How are projects initiated?

Projects are initiated in a number of ways:

  • A system that is currently in place in an organisation is not doing its job efficiently. Perhaps the business has grown and the system can't cope anymore. Perhaps too many problems keep arising.
  • Perhaps it is a new business that needs a way of solving a problem, for example, a new company needs to take on-line payments.
  • Perhaps an old system isn't flexible enough, or costs too much to run.
  • Perhaps there is a change in legislation that requires an existing computer system to be modified in some way.
  • Perhaps the company has heard of some new technology that they think may help them make their business more efficient and give them an advantage over their competitors.

Whatever the reason, a manager will notice that a system needs to be looked at. In the first instance, they will arrange a meeting with a Systems Analyst.

The first meeting

A Systems Analyst's job is to take charge of assessing a problem and to see whether or not it is suitable for computerisation, or whether an existing computer system can be upgraded. They will be expert in assessing situations. They will have a wide knowledge of existing computer technology and will be able to visualise what can be achieved with this technology. Before a Systems Analyst solves a problem, however, they need to be clear what the problem is! This might sound like common sense but can take a lot of time to get clear and it must be clear before any real work begins.

When company X has a problem, they will call in a Systems Analyst to look into it. We can assume that the company will be expert in whatever area of business they are in. They will not be expert in computer systems. They will not know about the latest technology. They will not necessarily know all that can be achieved using computers in their business area.

This is where the potential problem lies. The Systems Analyst is an expert in computer systems, but not company X's business. Company X is an expert in their business but may, at best, have only a vague idea about computer technology and what it can do for the business. Yet they have to talk together at the beginning of a project to decide what the project aims are. It is a little like two people who speak two different languages meeting together. They have to find a common way to communicate.

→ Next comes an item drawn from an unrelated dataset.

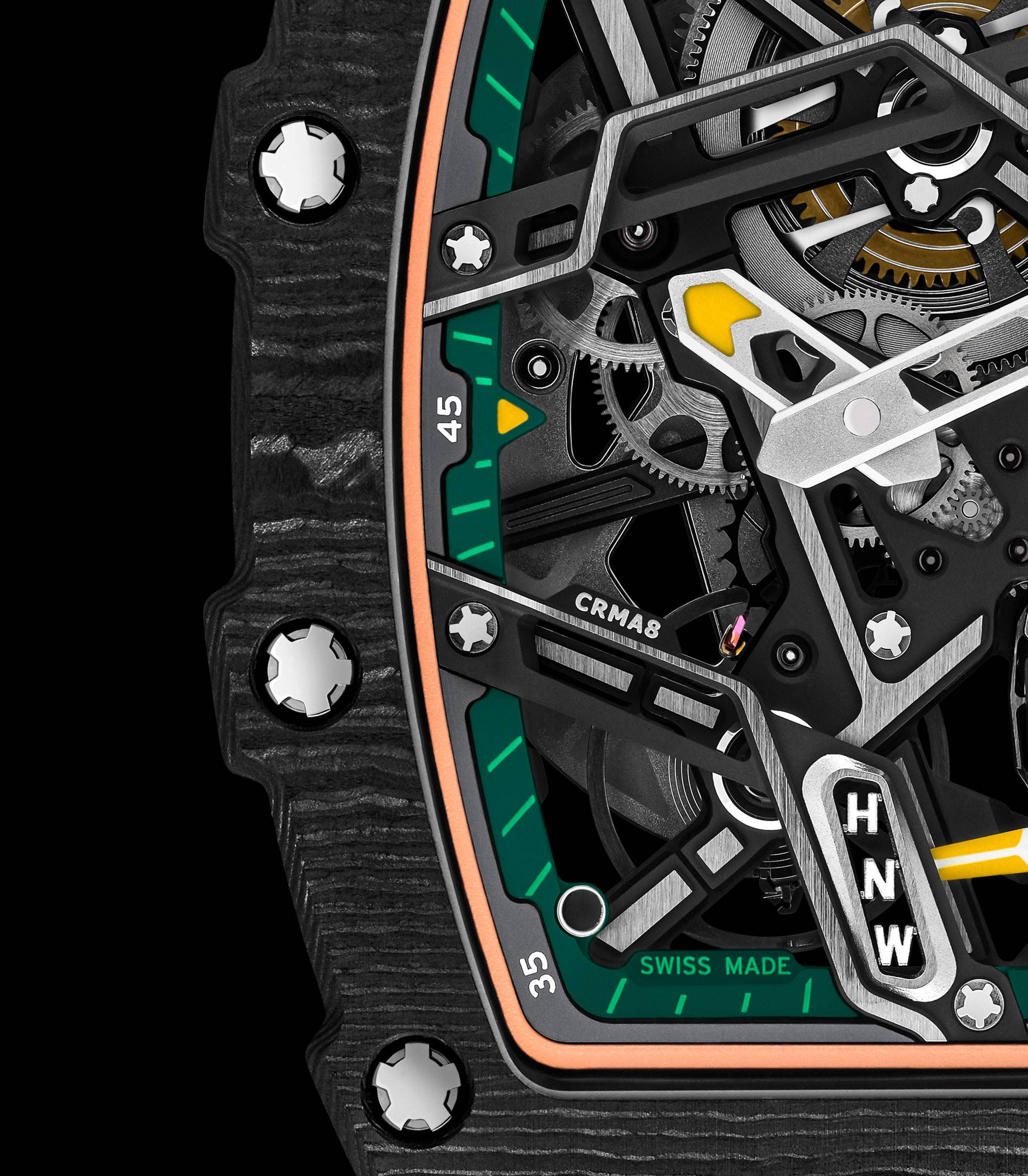 RM 07-04自动上链运动腕表及其CRMA8机芯的研发前后耗时三年,期间克服了诸多难题:这款品牌自主研发的镂空自动机芯,其结构小巧紧凑,在确保可以承受5,000g加速度冲击的同时将表壳与机芯完美融合,并且腕表的内部运转一览无余。至臻的精工修饰将这款毫不妥协的机械结构彰显得分外优雅。机芯的结构高度紧凑,大大增加了制表师的装配耗时,容不得丝毫差错,凸显了制造水平的卓越品质。

When company X calls in the Systems Analyst for the first time, they will sit down together and company X will explain why they have contacted the Systems Analyst. The Systems Analyst will listen carefully and will also use this opportunity to ask any questions, perhaps clarifying some of the jargon that company X has used during the discussion or double-checking that they have understood what they have been told by the company. Together, they will try to define the 'scope' of the problem. They will try to flesh out what the problem is in language that both company X and the Systems Analyst understand.